Neuralink’s first clinical trials with a small number of human patients would be aimed at treating paralysis or paraplegia, the company’s head surgeon Dr. Matthew MacDougall said.
The neurotechnology firm aims to develop implants that can treat neural disorders and that may one day be powerful enough to put humanity on a more even footing with possible future superintelligent computers.
Musk described Neuralink’s chip, which is roughly 23 millimeters (0.9 inch) in diameter, as “a Fitbit in your skull with tiny wires.”
Neuralink wants to first use the device with people who have severe spinal cord injury to help them talk, type and move using their brain waves.
The brain-chip startup had released footage on Friday appearing to show a monkey playing a simple videogame after getting implants of the new technology.
Neuralink works by recording and decoding electrical signals from the brain using more than 2,000 electrodes implanted in regions of the monkey’s motor cortex that coordinate hand and arm movements, the video’s voiceover said.
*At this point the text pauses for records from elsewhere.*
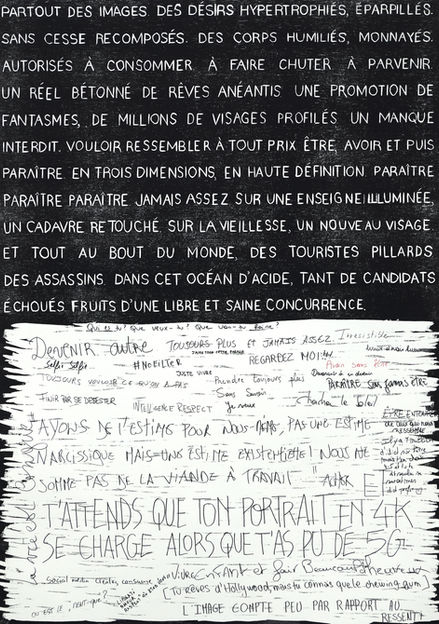 La série 7 péchés du capitalisme interroge une société à bout de souffle par le prisme intemporel des péchés capitaux. En plaçant leur installation performance à l’échelle d’une ville, Camille Dufour et Rafaël Klepfisch renouent avec les origines de la gravure comme moyen de reproduction et de communication populaire. Ce projet d’affichage urbain destine des centaines de gravures originales à être complétées ou emportées par les passants. Chaque péché – imprimé en cent exemplaires – est composé de deux gravures sur bois. L’une, figurée fourmillant de détails, d’ironie et de noirceur (réalisée par Camille Dufour); l’autre textuelle ( réalisée par Rafaël Klepfisch), offre un espace d'expression public. À la fois référence aux nouvelles placardées en temps de troubles sociaux et tentative d’infraction aux images dominantes, les gravures – accrochées à même les abribus, les couloirs de gares et les lieux vacants – sont une tentative de mettre l'œuvre en relation avec un autre public. Aussi, au moment où la crise du Covid nous éloigne chacun les uns des autres et où l’ère du numérique continue son essor, le projet porte l’envie de renouer avec la matérialité des échanges et la circulation d’œuvres originales.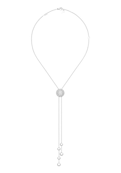 다이아몬드 세팅 회전 밴드가 가운데 파베 세팅한 카보숑 컷 다이아몬드를 감싸고 있는 형태로, 체인과 체인 양 끝에 달린 비즈까지 모두 화이트 골드로 이뤄진 포 제션 슬라이딩 펜던트 1천3백20만원 피아제 1668-1874 |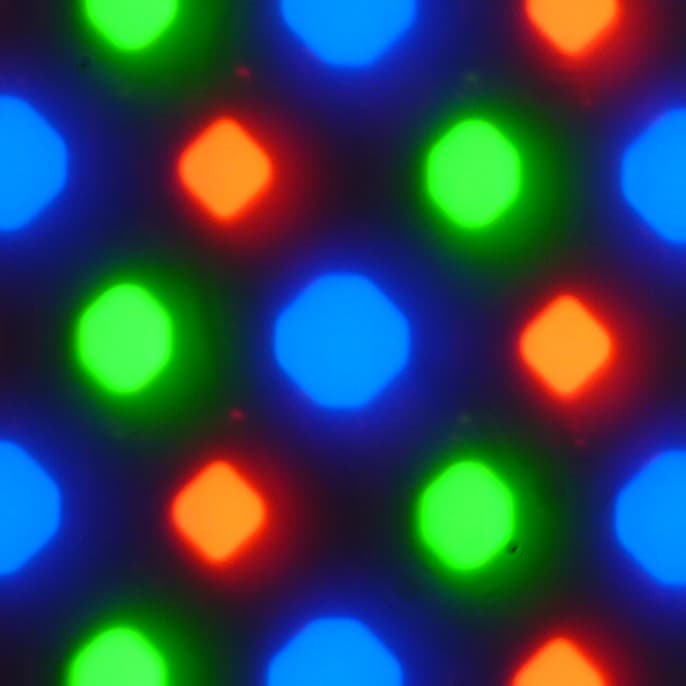В этом экране используется OLED-матрица — активная матрица на органических светодиодах. Полноцветное изображение создается с помощью субпикселей трех цветов — красного (R), зеленого (G) и синего (B) в равном количестве, что подтверждается фрагментом микрофотографии: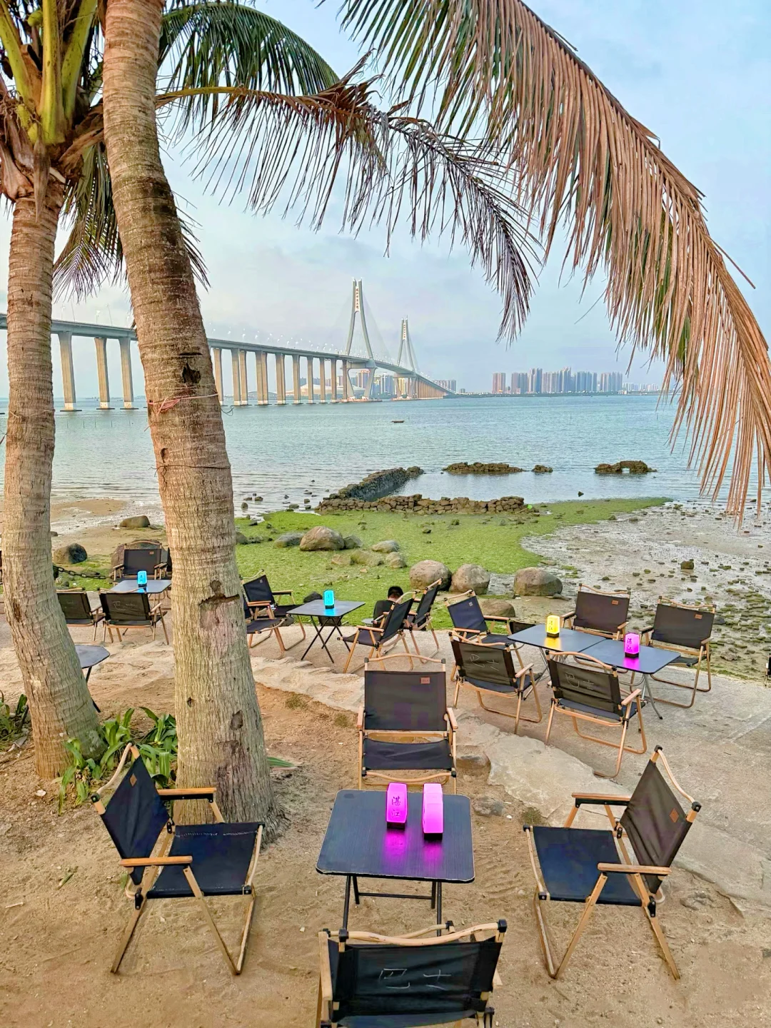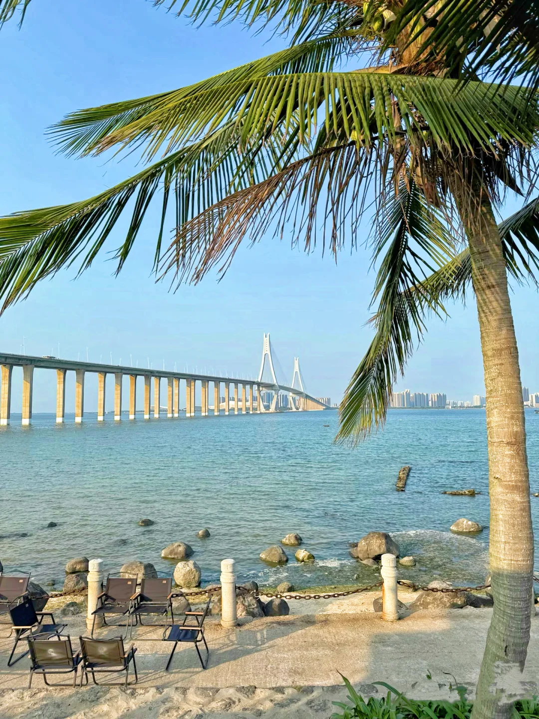 是少有的“城在海边、还在城中”的景观,有阳光的时候特出片,走在沙滩上,漫步走椰树大道中,微风吹拂,舒服极了,妥妥的碧海蓝天度假风。强烈推荐去海边的咖啡屋喝一杯咖啡,一遍咖啡,一遍看着窗外远处的湛江海湾大桥,碧海,摇椅的椰树,沙滩,美哉美哉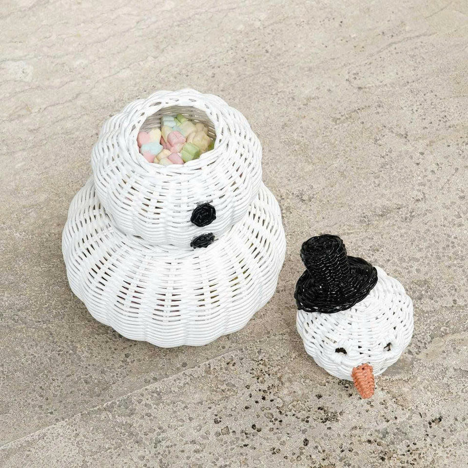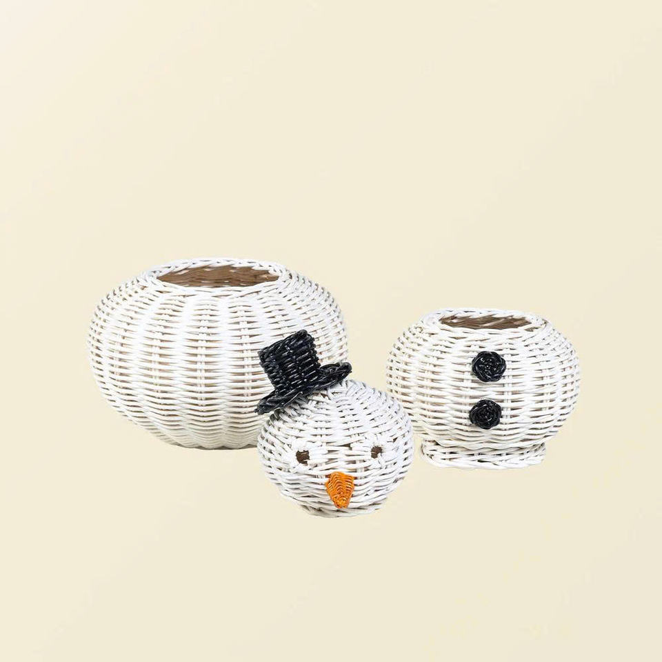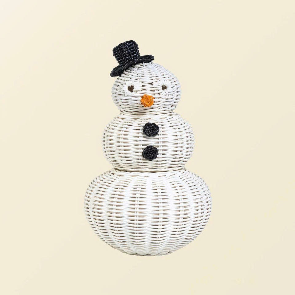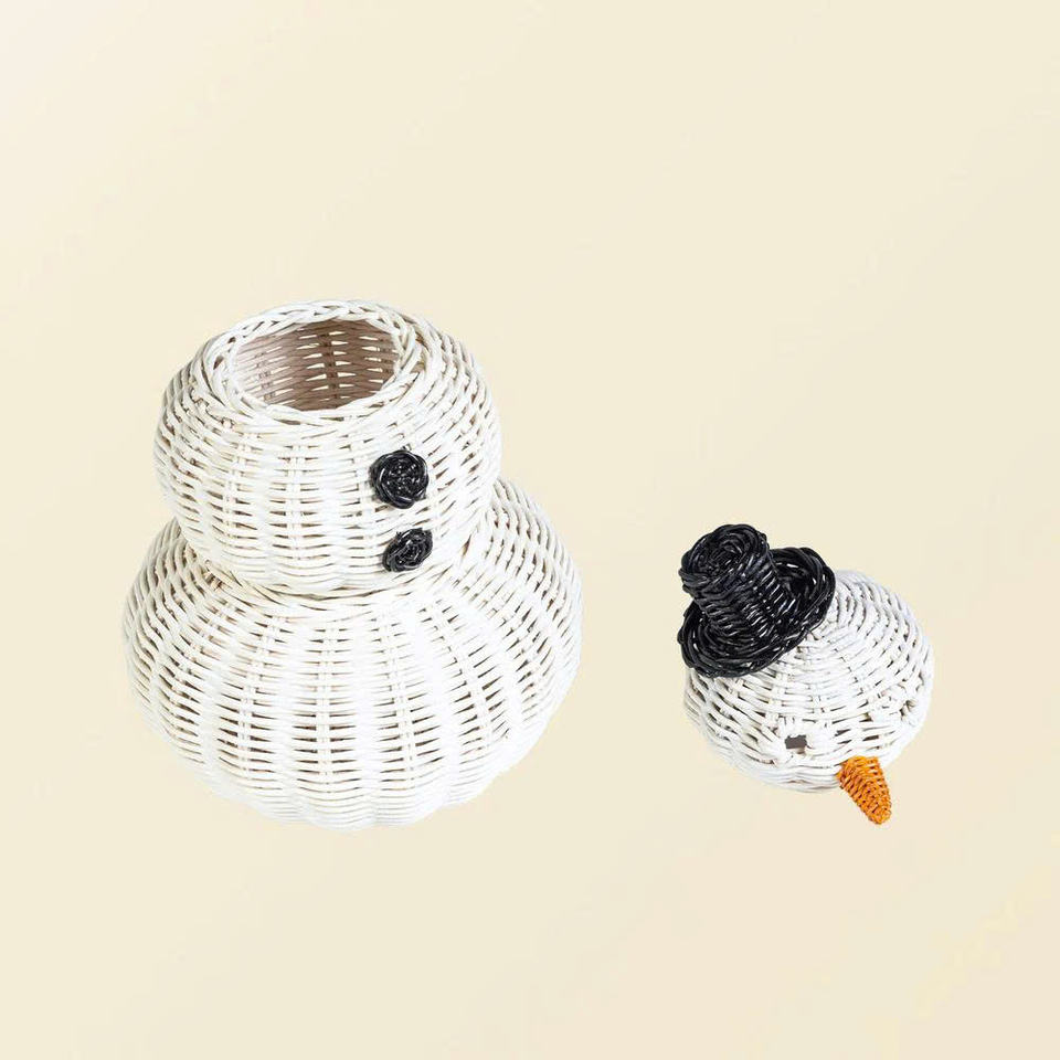 Panier de Noël Bonhomme de Neige en Rotin Naturel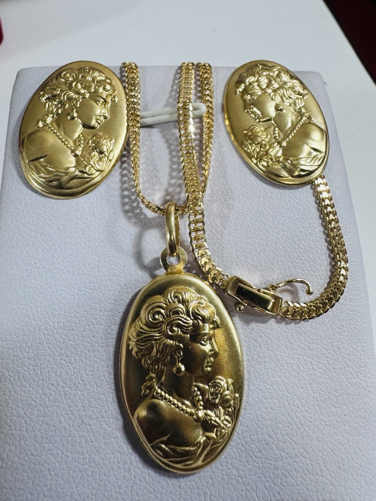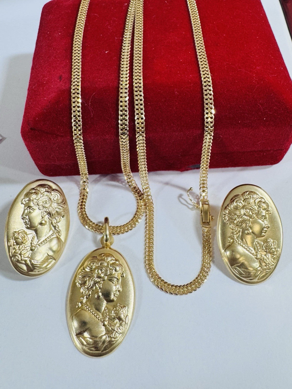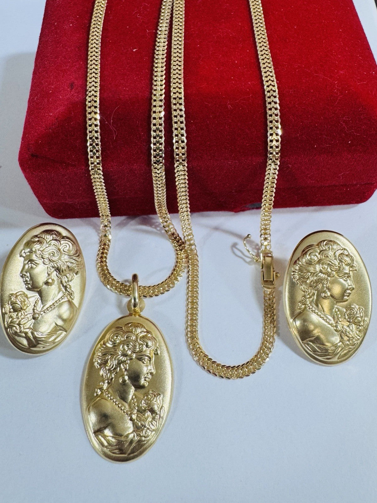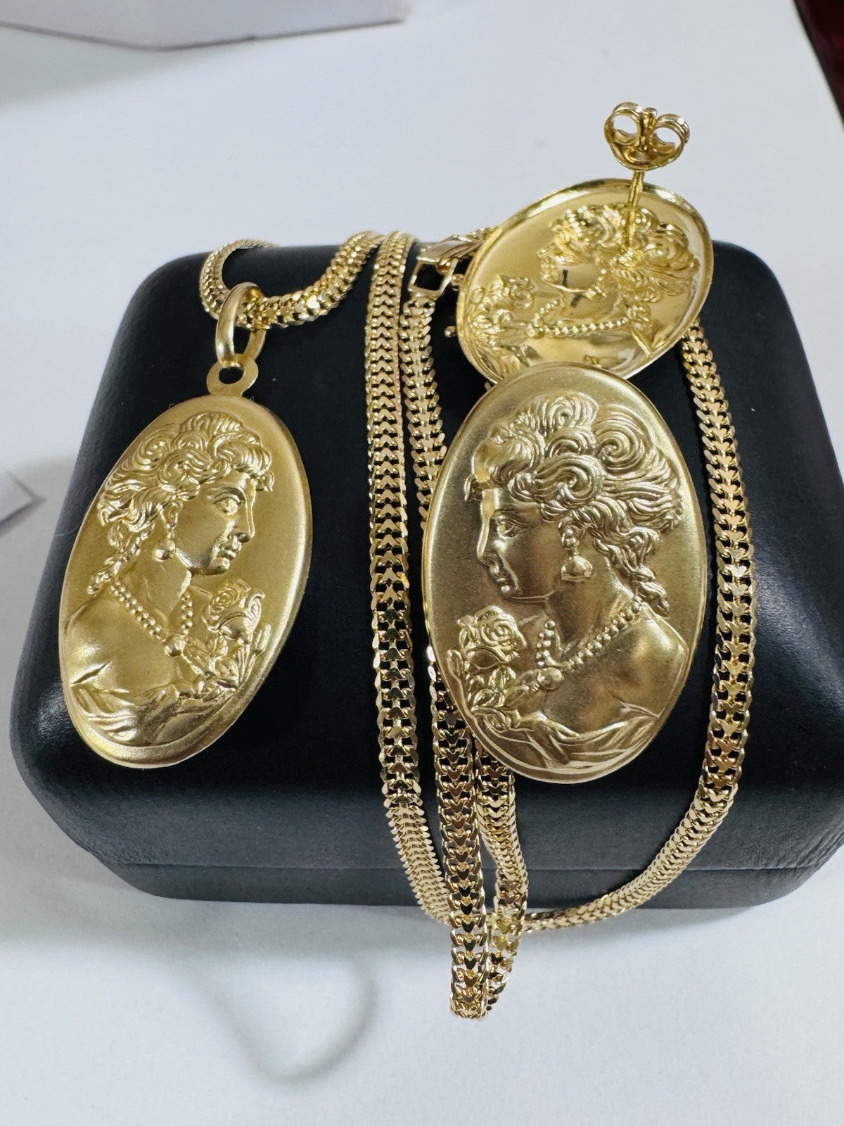 Metal: 18K Yellow Gold Set Earring & Necklace (Real and Genuine 18k Au750 Gold (Not Gold plated -Not Filled- Not Fake)

Musk has a history of bringing together diverse experts to develop technology previously limited to academic labs through companies such as Tesla Inc, SpaceX and Boring Co.
Hooking a brain up directly to electronics is not new. Doctors implant electrodes in brains to deliver stimulation for treating such conditions as Parkinson’s disease, epilepsy and chronic pain. In experiments, implanted sensors have let paralyzed people use brain signals to operate computers and move robotic arms
But Musk’s proposal goes beyond this. Neuralink wants to build on those existing medical treatments as well as one day work on surgeries that could improve cognitive functioning.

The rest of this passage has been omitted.